Playing on the north court of cavernous Lucas Oil Stadium, where Texas and Abilene Christian were soon to play on the south court, Mizzou was seeking to end its longest NCAA Tournament victory drought since the void between 1944 and 1976.
The Tigers got just the sort of jump-start they might have wanted against the Sooners, grabbing a 14-7 lead with Tilmon asserting his presence inside for two of MU’s first three buckets and Mark Smith making his first two three-pointers after having hit just 2 of his previous 17.
After hitting 6 of its first 7 field goals, though Mizzou made only 5 of its next 27 (!) and seemed lucky to still be in the game by early in the second half.
But Dru Smith kept MU afloat with two sets of two three-pointers in quick succession, the second of which came with under a minute left to cut it to 70-67.
When he pried the ball loose from Austin Reaves on the other end with 17 seconds left, Mizzou figured to have a legitimate chance to tie.

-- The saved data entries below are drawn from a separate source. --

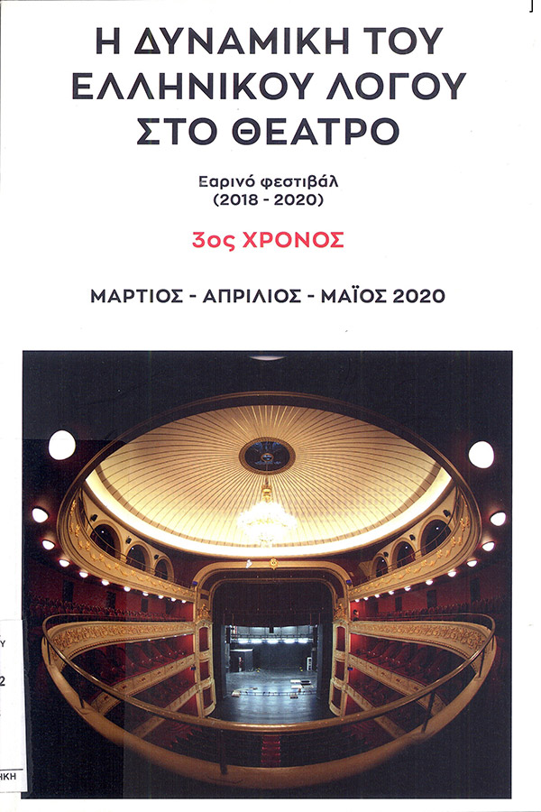 Η δυναμική του ελληνικού λόγου στο θέατρο : εαρινό φεστιβάλ (2018-2020) : 3ος χρόνος, Μάρτιος-Απρίλιος-Μάϊος 2020 / [υπεύθυνος υλοποίησης καλλιτεχνικού προγράμματος, επιστημονική επιμέλεια έκδοσης Κωνσταντίνος Κυριακού ; σχεδιασμός έκδοσης Γεωργία Σαϊνά].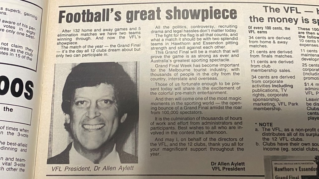 Having a flick through the 1983 Grand Final record, among the adverts for Winfield and Peter Jackson, there’s a message from then-VFL President Dr Allen Aylett, which is a coincidental case of timing, as the great Doc, who did the impossible and made North Melbourne a respectable football club, died only last week.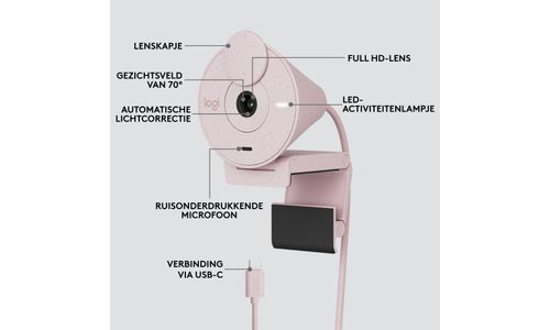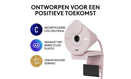 Logitech Brio 300. Megapixels: 2 MP, Maximale videoresolutie: 1920 x 1080 Pixels, Camera HD-type: Full HD. Interface: USB-C, Kleur van het product: Roze, Montagewijze: Clip. Ondersteunt Windows: Windows 10, Windows 11, Windows 8, Windows 8.1, Ondersteunt Mac-besturingssysteem: Mac OS X 10.10 Yosemite, Mac OS X 10.11 El Capitan, Mac OS X 10.12 Sierra, Mac OS X 10.13 High..., Andere ondersteundende systemen: ChromeOS. Duurzaamheidscertificaten: CarbonNeutral, Forest Stewardship Council (FSC). Breedte: 53,1 mm, Diepte: 45 mm, Hoogte: 65,6 mm
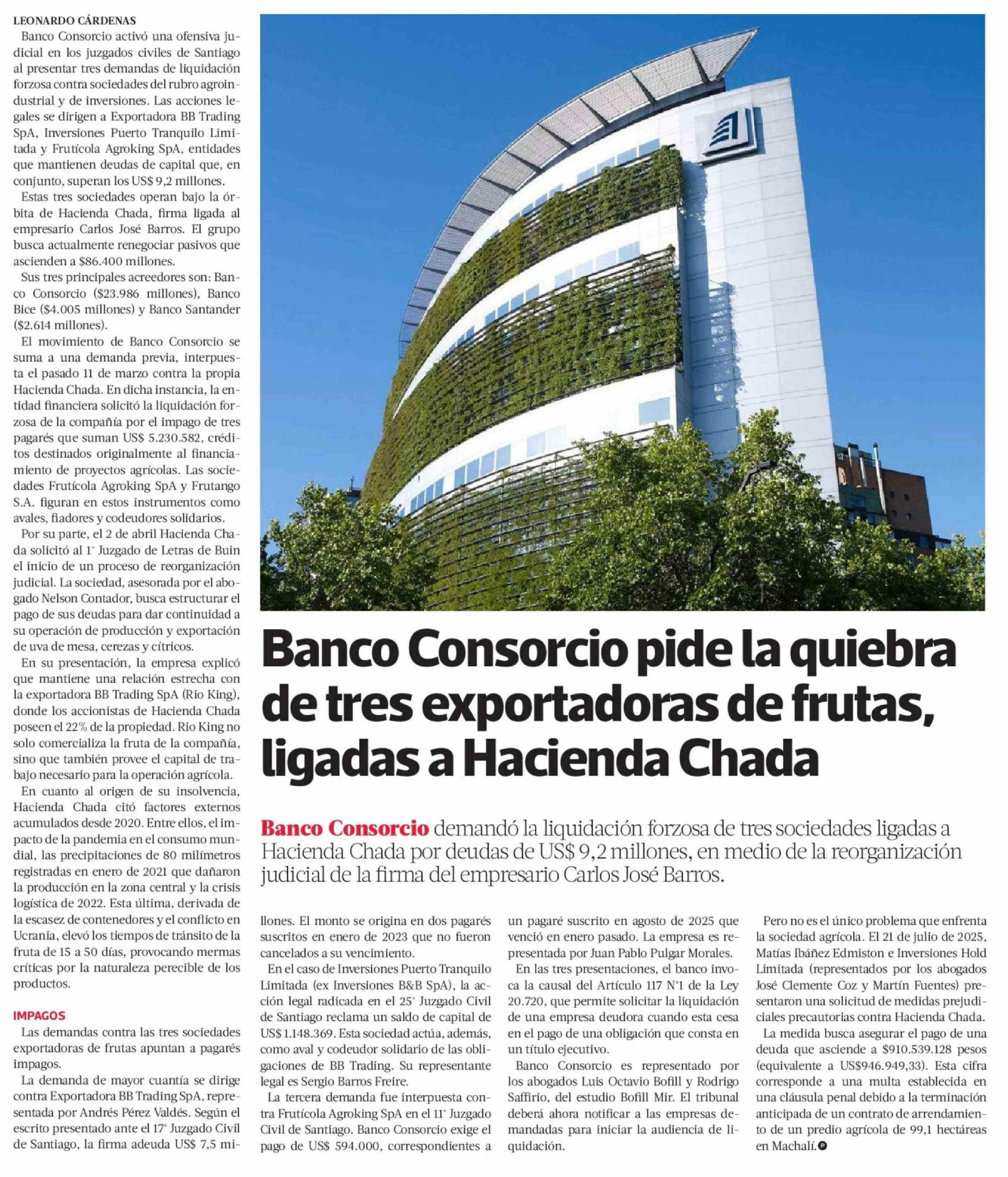 Banco Consorcio pide la quiebra de tres exportadoras de frutas, ligadas a Hacienda Chada 17-04-2026 La Tercera |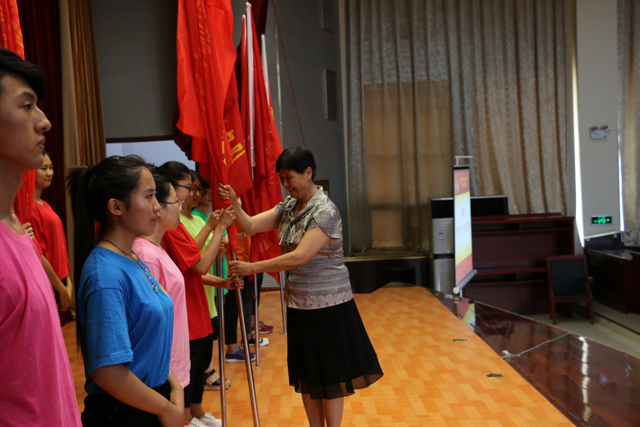 校长范素华为2016年暑期三下乡学生实践团队授旗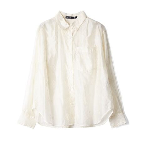 シアー素材に、刺繍のような少しぷっくりとしたプリントを施した上品なシャツ。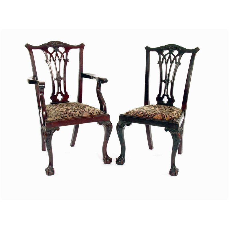 A set of eight mahogany Chippendale style dining chairs, with leaf carved and pierced splats, with drop in seats comprising of a pair of open armchairs and six side. (8)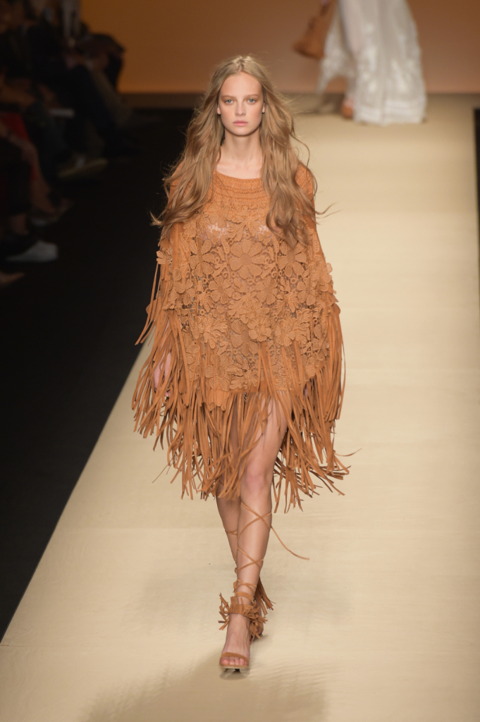 Alberta Ferretti, MFW, collezione Primavera-Estate 2015: miniabito in camoscio con gilet sfrangiato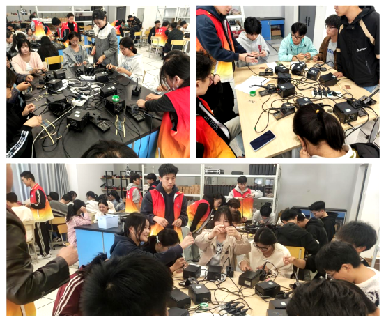 本次专业实践活动是学院大学生劳动教育与专业实践结合的有益尝试,活动分为理论学习与实践操作两大部分。在理论培训环节,由吕菲老师和社团负责人陈一畅同学深入浅出地为同学们讲解了焊接技术的基础知识,并结合多媒体教学资源,详尽介绍了焊接工具、方法及安全须知等内容。在实操训练阶段,大一同学们在学长学姐的协助下,以洞洞板、电阻丝、LED灯等电子元件为材料,发挥团队成员创意,焊接富有创意性的作品。活动过程颇具挑战而又趣味横生,为每一位参与者带来满满成就感的同时,更激发了他们对专业学习的热情。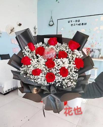 11支红玫瑰配满天星+一个红苹果花束,如图 |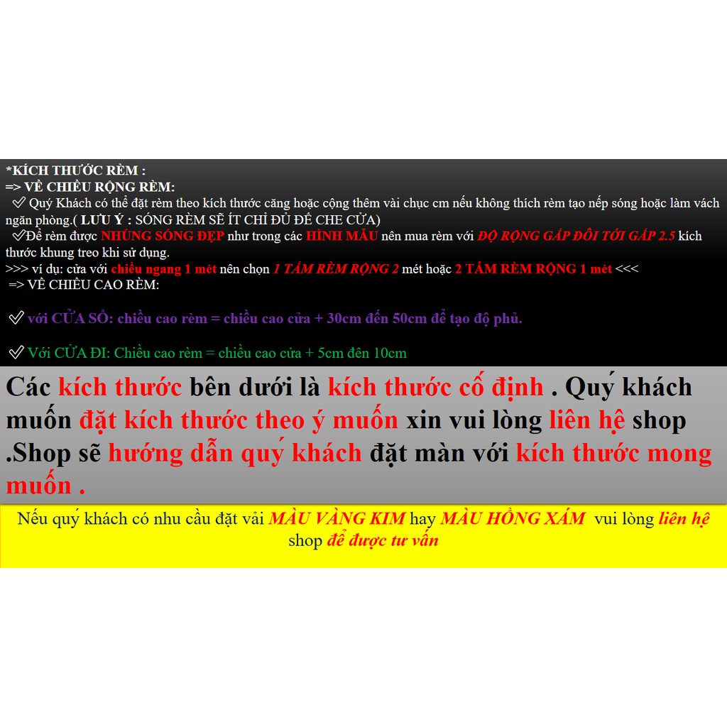 +Cách Chọn Kích Thước Rèm: Shop có mọi kích thước cho rèm cửa chính cũng như rèm cửa sổ. Bạn NÊN NHẮN TIN cung cấp chiều ngang và chiều cao lọt lòng của cửa và nhu cầu sử dụng để Shop Tư Vấn một cách chính xác và phù hợp nhất.

But Kobe Brown passed up what would have been a contested three, and the scrambled offensive sequence ended with Drew Buggs being fouled as he drove with 2 seconds left.
Buggs made the first and intentionally missed the second. But Jalen Hill rebounded for OU and made both free throws after Brown had fouled him.
And that was that, yet again.
Harkening back to the simpler times of 2010, the Tigers surely didn’t lose because they didn’t want it bad enough. They also didn’t lose because they weren’t good enough.
They lost because they simply couldn’t find a way to come through in the moment on this stage, alas, making for all the more distance between the last time they did and leaving open to conjecture when it might finally again be otherwise.